Step 2: Once you have identified your problem, and your arguments, ask what tail you are looking for. We want to know the probability of values as extreme, or more extreme than 6101 successes…that is, values to the right of 6101. Right tail –> lower.tail = F.

Step 3: Solve your problem using pnorm( ). Note that

n <- 9821
p <- 0.5
mean <- n*p
sd <- sqrt(n*p*(1-p))
pnorm(q = 6101, mean = mean, sd = sd, lower.tail = F)

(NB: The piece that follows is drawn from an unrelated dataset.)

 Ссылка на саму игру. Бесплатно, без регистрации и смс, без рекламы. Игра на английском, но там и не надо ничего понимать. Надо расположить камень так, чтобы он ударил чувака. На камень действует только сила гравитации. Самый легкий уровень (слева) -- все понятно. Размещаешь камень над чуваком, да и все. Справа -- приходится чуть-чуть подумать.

Step 4: State your conclusion. Our output gives us a p-value of 7.44e-128, meaning P < 0.05. We reject our H0, and state that toast lands butter side down more than is expected due to chance.

Great! You have used pnorm( ) to solve a problem. Now it’s time to practice on your own.

  1. Data from 1995 to 2008 in the USA show that 531 out of 648 people struck by lightning were men. We expect the proportion of men to be struck to be 50%. Given a normal approximation of the binomial distribution, test this hypothesis. Remember to follow the steps above. Consult the scenario table for help!

  2. The table below lists the means and standard deviations for several normal distributions. For each, a sample of 10 individuals was taken, and the mean calculated. Calculate the probability of obtaining a sample mean as extreme or more extreme than the sample means below from a random sample of 10 individuals. Follow your steps, and consult the scenario table.

mean standard deviation sample mean
14 5 15
15 3 15.5
72 50 45
  1. In 1991, birth weights in the United States were recorded. Birth weights followed a normal distribution with a mean of 3432 grams, and a standard devation of 482 g. What probability of babies fall outside of these expectations (weigh less than 2000 g and more than 5000 g)? What probability weigh between 2950 and 3914 g?